Korean Pancakes – Pajeon - asian, vegetarian recipe

Korean Pancakes – Pajeon

Crispy veggie-filled Korean pancakes with a punchy dipping sauce on the side. Great as a snack or alongside Korean BBQ.

Instructions

  1. 1

    Whisk together the eggs, flour, milk, and salt until you have a smooth batter. Let it rest and swell for about 30 minutes.

  2. 2

    Cut the spring onions and zucchini into thin strips, and finely chop the garlic.

  3. 3

    Heat a little oil in a medium frying pan and fry some of the vegetables until they soften. Pour over enough batter to almost cover the vegetables.

  4. 4

    Cook the pancake over medium heat until it's golden brown on the bottom and starting to set on top. Flip it quickly and finish cooking it through. Slide it onto a plate and keep it warm under a cloth.

  5. 5

    Carry on with the rest of the vegetables and batter the same way.

  6. 6

    Mix together the soy sauce, rice vinegar, and honey. Finely chop the shallot, garlic, and chili and stir them into the sauce. Fold in the toasted sesame seeds just before serving.

Per average serving

486
Calories
kcal
25
Protein
g
65.6
Carbs
g
13
Fat
g
2.1g
Fiber
7.6g
Sugar
423mg
Sodium

Tips from the kitchen

  • Let the batter rest the full 30 minutes. The flour needs time to hydrate properly, and a rested batter spreads more evenly in the pan and holds together better when you flip.
  • Cut the zucchini into thin matchsticks, not chunks. Thick pieces stay raw in the middle and make the pancake hard to flip cleanly.
  • The pan needs to be properly hot before the batter goes in. Test it with a drop of batter. It should sizzle immediately. If it just sits there, wait longer.
  • Don't flip too early. The pancake is ready to turn when the edges look set and the top has gone from shiny to mostly matte. Rushing this is how they fall apart.
  • Make the dipping sauce first, before you start cooking. The shallot and garlic mellow out a bit as they sit in the vinegar and soy, which makes it taste better than if you serve it immediately.

Ways to vary it

  • You can swap the zucchini for thinly sliced red bell pepper or carrot. Both work well with the batter and hold up to the heat. Keep the spring onions though, they're the backbone of the flavour here.
  • For a seafood version, add a handful of small cooked shrimp or squid rings to the vegetables before pouring over the batter.
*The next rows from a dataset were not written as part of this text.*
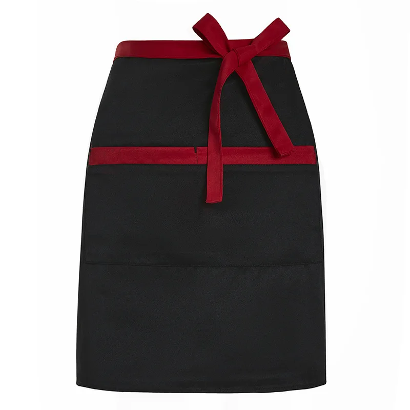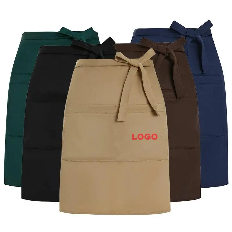 Personalized Kitchen Restaurant Waiter Half Apron Uniform Hotel Short Workwear Food Service Waist Apron With Pockets Custom Logo
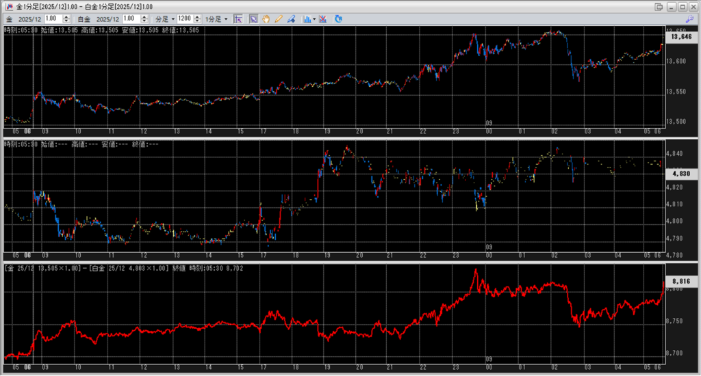 金白金鞘のチャートは、昨日は鞘縮小していましたが、
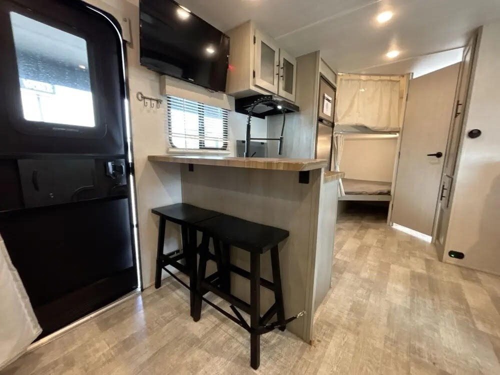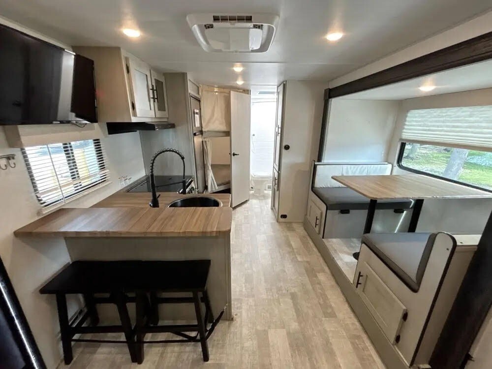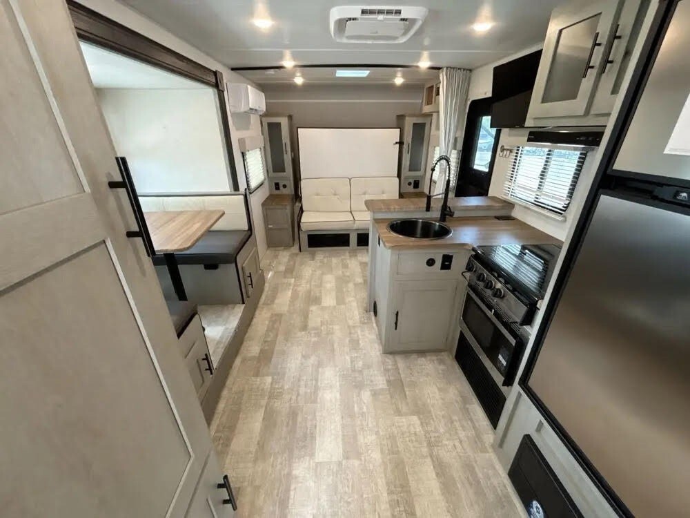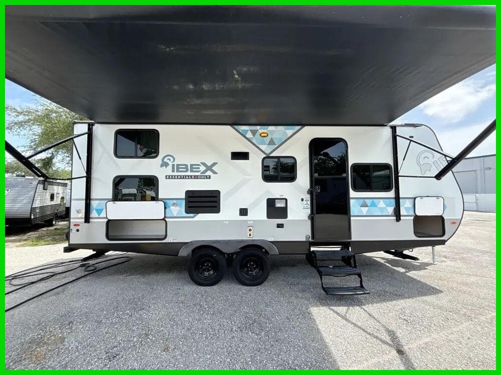 2023 Forest River Ibex 23BHEO Travel Trailer For Sale in Fairhope, AL 36532 This Ibex has an overall length of 26.17 feet and comes equipped with 1 power retractable slide-out, 1 power retractable awning, double oversized bunks, and plenty of room to sleep 8. This unit has been well-maintained. Kitchen Features 3-Burner Stove/Oven Overhead Fan Microwave Mid-Size Fridge/Freezer Sink & Faucet Dinette Booth Pantry Storage Space Living Room Features

This is a common variation in Korean cooking.
  • If you want more heat in the dipping sauce, leave the seeds in the green chili or add a small spoonful of gochujang. The base sauce is mild enough that it can take it.

Storage & leftovers

Leftover pancakes keep in the fridge for up to 2 days, wrapped or in a container. They don't freeze well, the texture goes soft and a bit gummy after thawing. To reheat, put them straight into a dry frying pan over medium heat for a couple of minutes each side. That brings the crispiness back in a way the microwave never will.

What to serve with it

These go well alongside Korean BBQ, or just on their own as a snack with the dipping sauce. A cold beer or a glass of makgeolli, the Korean rice wine, is the classic pairing.